Without including any pictures, reproduce all the lines below word for word.

## THE DATA
•••••
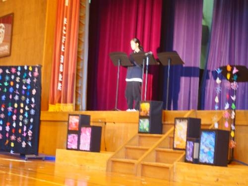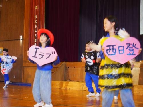 今日は、ふれあい祭&にしっ子発表会でした。2学期に入ってから子どもたちは、この日に向けて準備を進めてきました。1,2年生は、町探検でお世話になった方々への感謝を国語の教材に乗せて発表しました。3,4年生は、西日登に伝わるオロチ伝説を題材にダイナミックに表現してくれました。6年生は、平和への思いを温め続け、今日すべての人、世界に向けて、自分たちの思いを伝えてくれました。
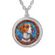 Beagle Dog in Vibrant Stained Glass Art Silver Plated Necklace
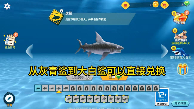 国服:从灰青鲨到大白鲨都可以直接兑换,都后面的鲨鱼不能直接兑换,必须获得上一条鲨鱼才能开始兑换下一条鲨鱼。不仅如此,下面的特殊鲨鱼有的只能通过活动来获得。
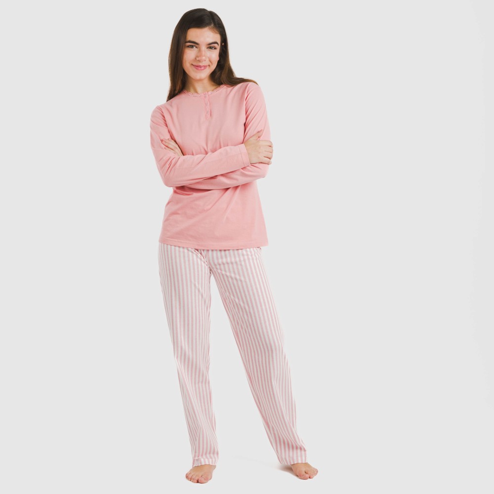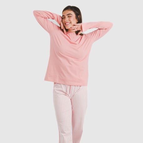 El pijama se conforma de una camiseta lisa de manga larga en color marsala con tres botones pequeños en la parte del cuello y un pantalón blanco con rayas rosas.
•••••
## ANSWER SPACE
 今日は、ふれあい祭&にしっ子発表会でした。2学期に入ってから子どもたちは、この日に向けて準備を進めてきました。1,2年生は、町探検でお世話になった方々への感謝を国語の教材に乗せて発表しました。3,4年生は、西日登に伝わるオロチ伝説を題材にダイナミックに表現してくれました。6年生は、平和への思いを温め続け、今日すべての人、世界に向けて、自分たちの思いを伝えてくれました。
 Beagle Dog in Vibrant Stained Glass Art Silver Plated Necklace
 国服:从灰青鲨到大白鲨都可以直接兑换,都后面的鲨鱼不能直接兑换,必须获得上一条鲨鱼才能开始兑换下一条鲨鱼。不仅如此,下面的特殊鲨鱼有的只能通过活动来获得。
 El pijama se conforma de una camiseta lisa de manga larga en color marsala con tres botones pequeños en la parte del cuello y un pantalón blanco con rayas rosas.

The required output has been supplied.